Ne voyant rien venir, une partie des députés PS était repartie à la charge à l'automne. Mais le premier ministre, Jean-Marc Ayrault, avait alors écarté cette solution, afin d'éviter de «trop mettre à contribution les classes moyennes». Car elle s'accompagnerait «d'importants effets de transferts» entre contribuables, comme avait conclu un rapport de Bercy de 2012 pour le Parlement. Ce qui ferait des millions de perdants. Or la nécessaire compensation de ces hausses d'impôts - notamment sur les classes moyennes -, en période de ras-le-bol fiscal, coûterait plusieurs milliards à l'État. Et ce alors que le système français est déjà très redistributif, puisque 10 % des ménages paient 49 % de l'impôt sur le revenu et de la CSG.

Du fait peut-être de cette promesse originelle, le gouvernement n'a pas toujours été unanime sur cette question. Michel Sapin, alors ministre du Travail (et actuel ministre des Finances), s'était ainsi dit en novembre favorable à une CSG progressive. La «connaissance des conséquences» d'une CSG progressive s'est améliorée, a argumenté Christian Eckert, le secrétaire d'État au Budget, pour expliquer ces revirements, lui-même s'étant prononcé pour une non-déductibilité de la CSG quand il était rapporteur du budget de l'Assemblée.

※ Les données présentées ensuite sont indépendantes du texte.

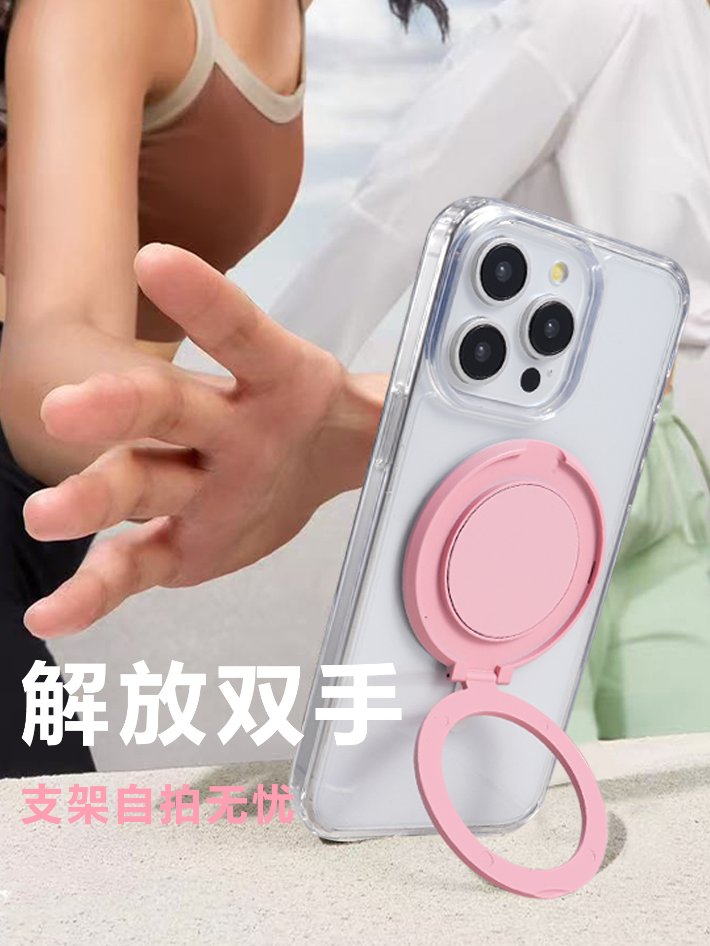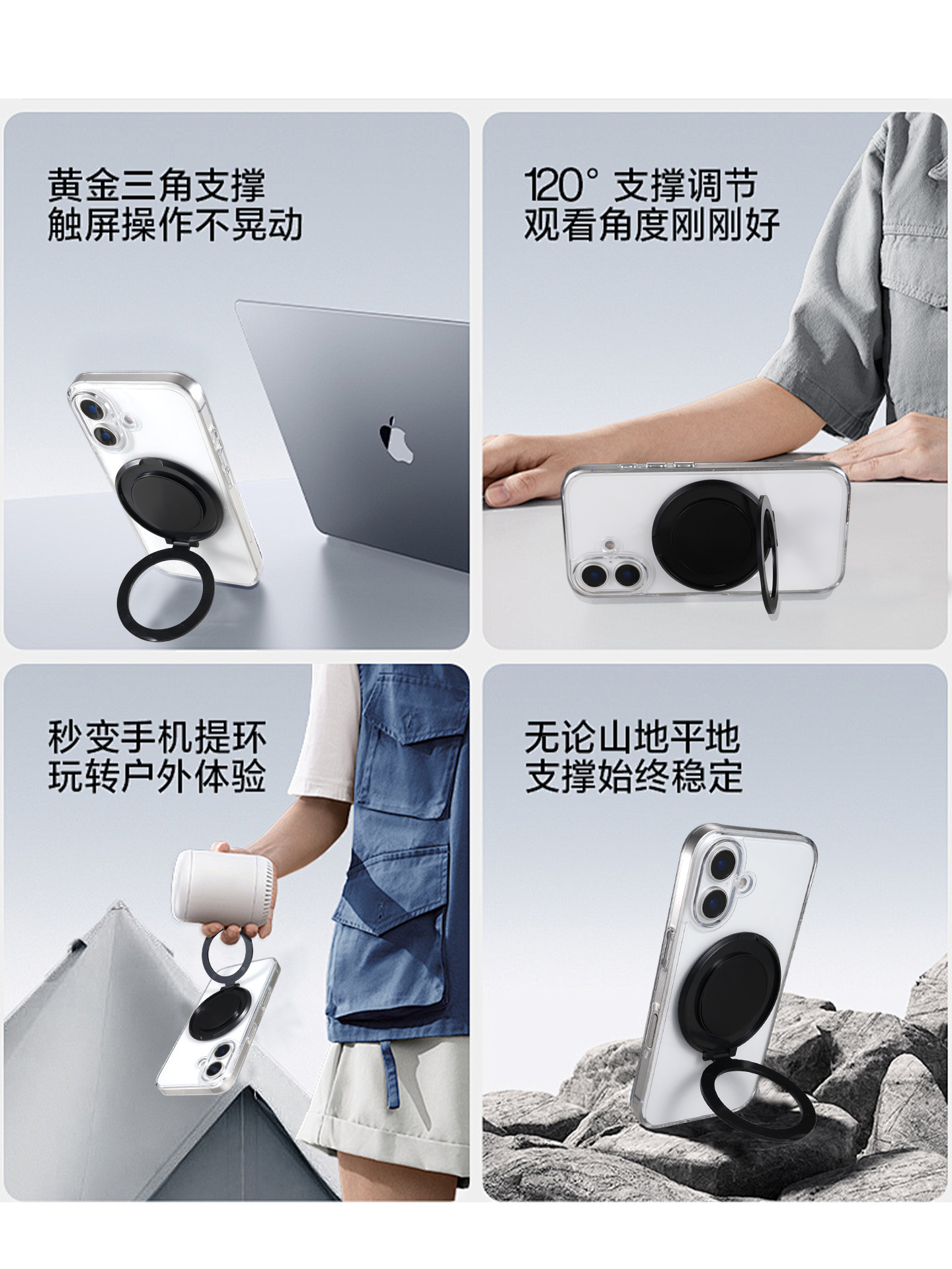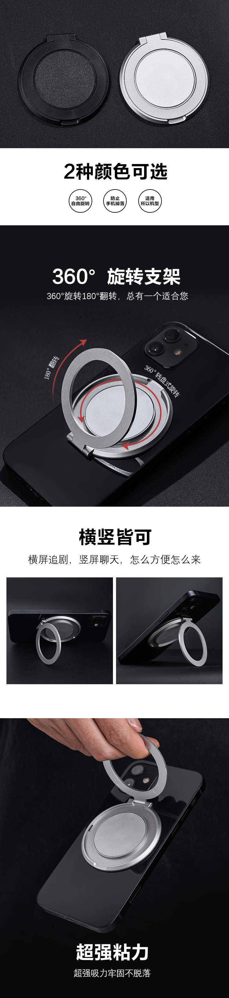 リング付きスマホケーススタンド 超薄型デスクトップスタンド 背面貼り付けリングロゴ入り マグネット式スタンド モバイルバッテリースタンド

Les amendements déposés par les députés PS sur un possible quintuplement de la taxe séjour dans les communes et la création d'une taxe de 2 euros par nuitée en Ile-de-France ont en revanche créé des dissensions au sein de l'exécutif en plein pendant l'actuel débat parlementaire. Christian Eckert a indiqué que le gouvernement ne s'y opposait pas, alors que, la veille, Laurent Fabius, le ministre des Affaires étrangères, avait jugé «impératif de renoncer» à ces hausses, au nom de la promotion du tourisme. Un discours également tenu par Arnaud Montebourg, le ministre de l'Économie. Mardi, Christian Eckert a finalement botté en touche, conseillant d'attendre les conclusions des travaux des députés Éric Woerth et Monique Rabin sur cette question. D'ici là, les membres du gouvernement auront peut-être accordé leurs violons.